* [Work order]:
Everything from the line with "剑鱼、鱿鱼等远洋鱼类有趋光性" down to the line with "3D emoji-style rusty" below must be printed exactly, those two lines included. Exclude pictures.

______

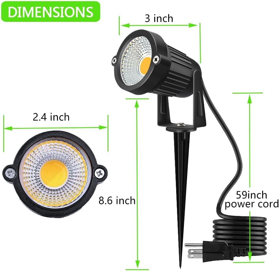 ?Upgraded Led Light Chips---10W Led Landscape Spotlight Is Up To 1100 Lumens High Brightness Upgraded Cob Led Chips Makes It Brighter Than Common Products Perfectly For Outdoor Landscape Lighting. ?Flexible Angle Adjustment---Led Landscape Spotlights Suit To 110/120V Ac. Comes With 59 Inch 3-Prong Us Power Cord Plug And Play. You Can Adjust The Emitting Angle By The 270 Degrees Rotating Bracket And Spike Base. ?High Efficiency & Energy Saving---Outdoor Led Spot Lights With 1100 Lumens Output Under Only 10W Power Consumption. 3000K Warm White Provides Soft And Comfortable Lighting Effect. ?Excellent Metal Material---Landscape Spot Lights Outdoor Adopt Upgraded Die-Cast Aluminum Lamp Body And well-made Led Chips. It Has A Stable Lighting Performance Longer Service Life Up To 50 000 Hours Reduce Your Maintenance Costs. ?Hassle Free Warranty---Ip65 Waterproof For Outdoor Use. Widely Used For Garden Yard Lawn Flags Park Patio Driveway Potted Landscape Flower Bed Etc. Romwish Provides 3-Year Unlimited Warranty! If You Have Any Question About This Product Please Feel Free To Contact Us For A Quick Solution.
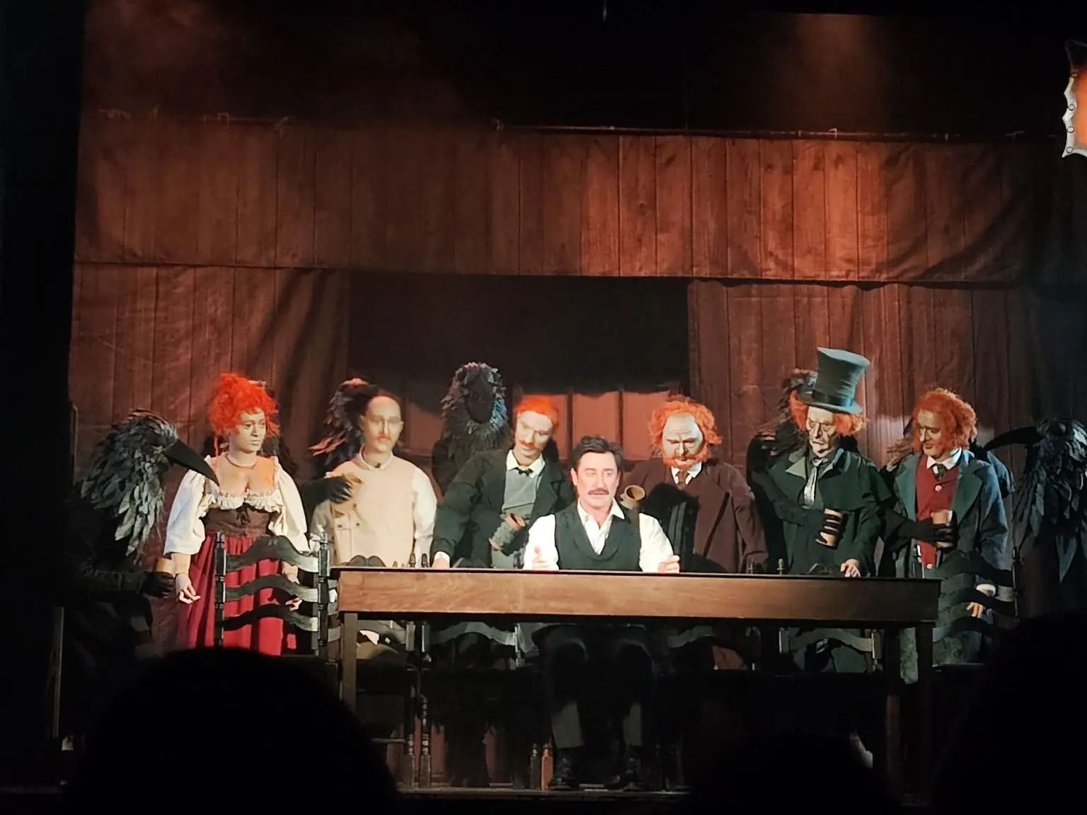 🌌 Во-вторых, космически красивое визуальное оформление, полное мистики! Проекции, костюмы, куклы (пугающе живые в своей (не)человеческой правдивости, и все – рыжеволосые), свечи, фантастические переходы, и конечно... вороны, вороны, вороны... как извечный символ и образ, который сопровождает писателя Эдгара По. Они кружат, наводят морок. Этот танец ворон повторяет природу... и цикл нашей жизни. Он поднимает в воздух, как пыль, исписанные листы бумаги с рассказами и всё то, что мы любили, на что надеялись, за что боролись. И не оставляет нам иного, кроме как найти свет, чтобы выйти из замкнутого круга и спастись. И написать новую историю.
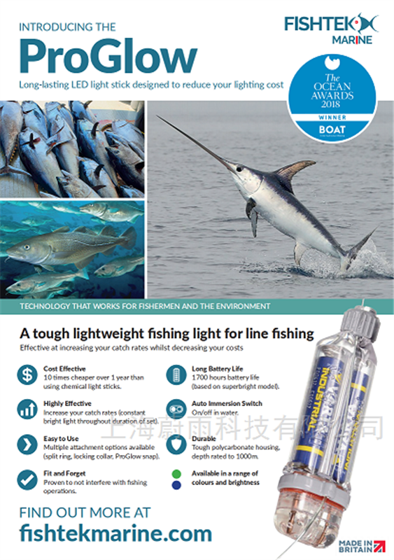剑鱼、鱿鱼等远洋鱼类有趋光性,广泛使用的化学照明棒对环境造成相当大的危害,且成本高昂。据估计,每年有7亿根重达7000吨的化学照明棒被丢弃到我们的海洋中。它们像垃圾一样冲到我们的海滩上,被海洋野生动物(如海龟)误认为是食物。Glow诱鱼灯采用了*的LED光源,寿命可达1700小时,且更换电池后即可重复使用,是一种*的无污染辅助渔业设备。
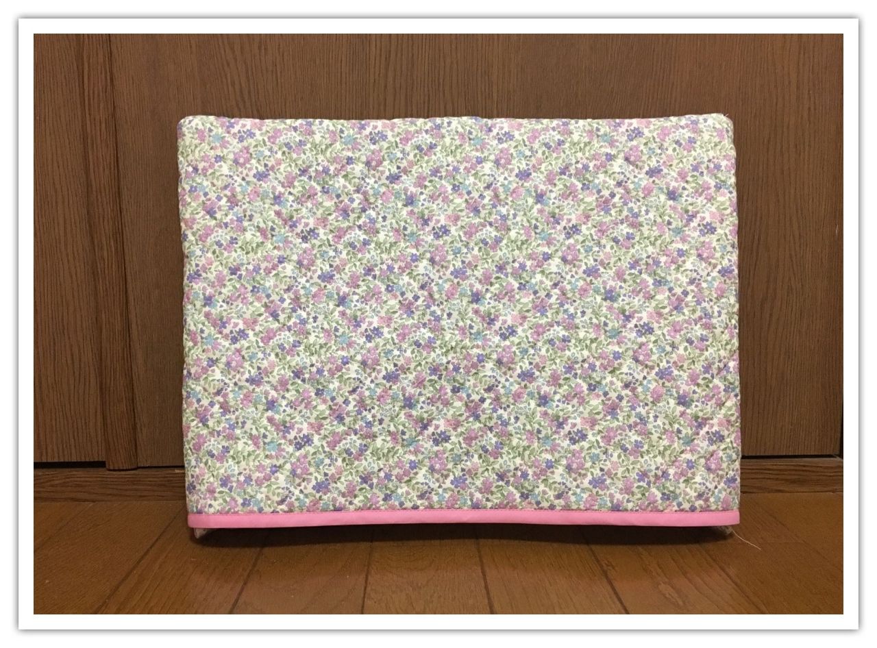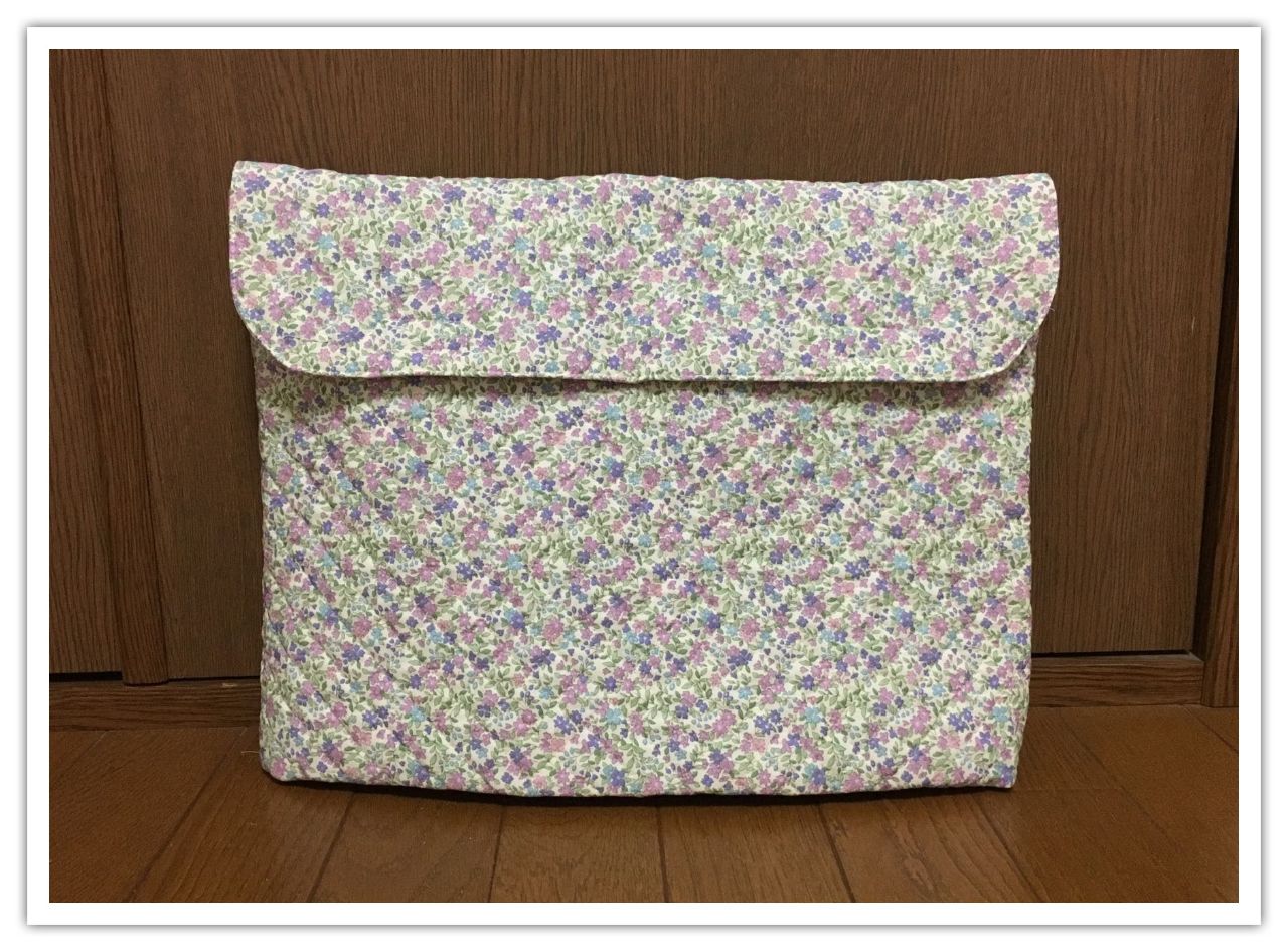 (3)写真のように本体を中へ半分折り込み、両サイド(1cm)を縫います
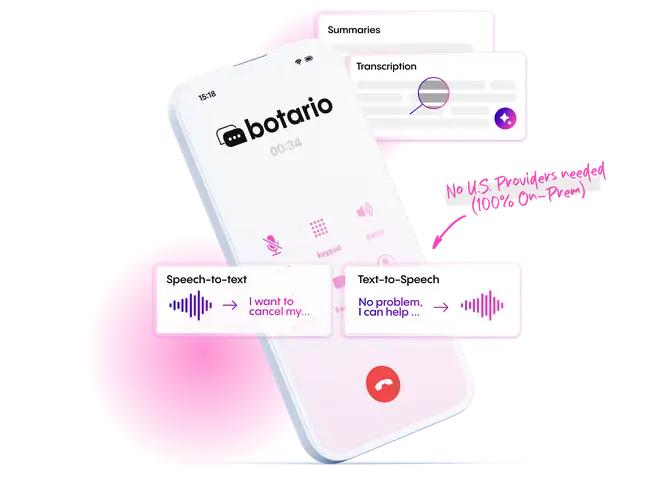 botario supports integration with leading speech technology providers, as well as our own in-house-developed STT and TTS solutions, giving you maximum flexibility and independence from U.S.-based platforms.
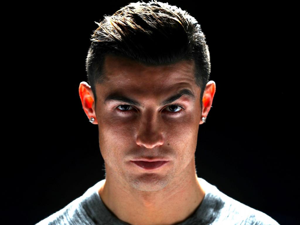 Обои Красивый футболист Криштиану Роналду фото на черном фоне
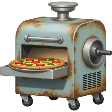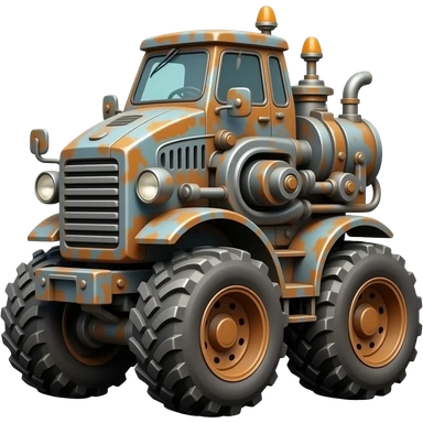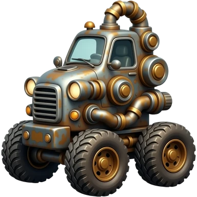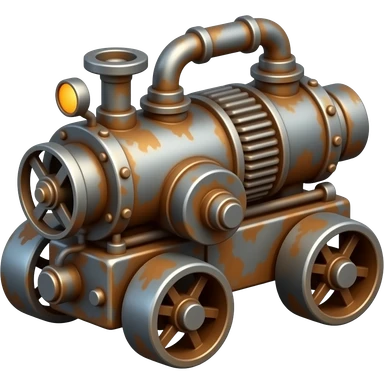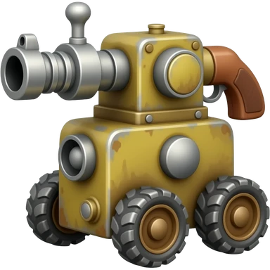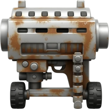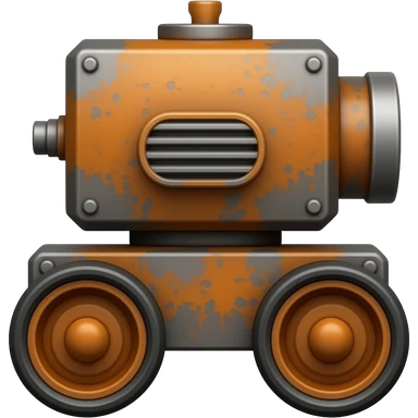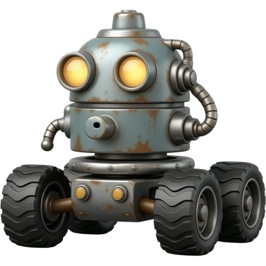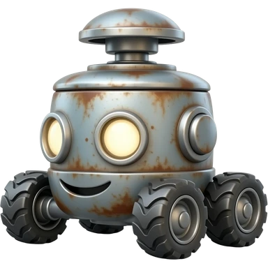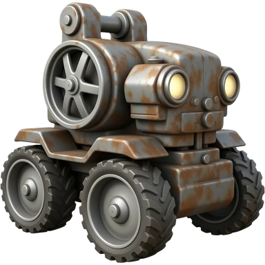 3D emoji-style rusty machine on four wheels, glowing round headlights, toy-like, gray metal with rust, soft lighting, clean background emoji | AI Emoji Generator
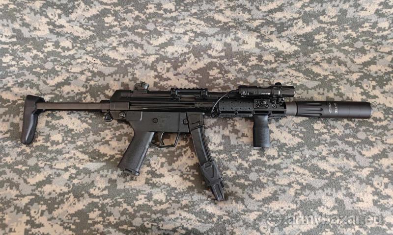 Opis: Do sprzedania MP5 A2/A3 POF W skład zestawu wchodzi: * Pistolet samopowtarzalny MP5 A2 * Magazynek 30 naboi + uchwyt gumowy 6 sztuk * Lower Magpul + bezpiecznik * Łoże aluminiowe M LOK + osłony + chyt przedni Magpul MVG * Latarka Olight Odin Mini + włącznik żelowy + montaż * Kolba składana A3 * Tłumik A-TEC SMG MP-5 TRI-LUG * Montaż niski pod optykę * Pas nośny MIWO PRASZKA * Zestaw do czyszczenia broni

______

* [Problem solution]:
剑鱼、鱿鱼等远洋鱼类有趋光性,广泛使用的化学照明棒对环境造成相当大的危害,且成本高昂。据估计,每年有7亿根重达7000吨的化学照明棒被丢弃到我们的海洋中。它们像垃圾一样冲到我们的海滩上,被海洋野生动物(如海龟)误认为是食物。Glow诱鱼灯采用了*的LED光源,寿命可达1700小时,且更换电池后即可重复使用,是一种*的无污染辅助渔业设备。
 (3)写真のように本体を中へ半分折り込み、両サイド(1cm)を縫います
 botario supports integration with leading speech technology providers, as well as our own in-house-developed STT and TTS solutions, giving you maximum flexibility and independence from U.S.-based platforms.
 Обои Красивый футболист Криштиану Роналду фото на черном фоне
 3D emoji-style rusty machine on four wheels, glowing round headlights, toy-like, gray metal with rust, soft lighting, clean background emoji | AI Emoji Generator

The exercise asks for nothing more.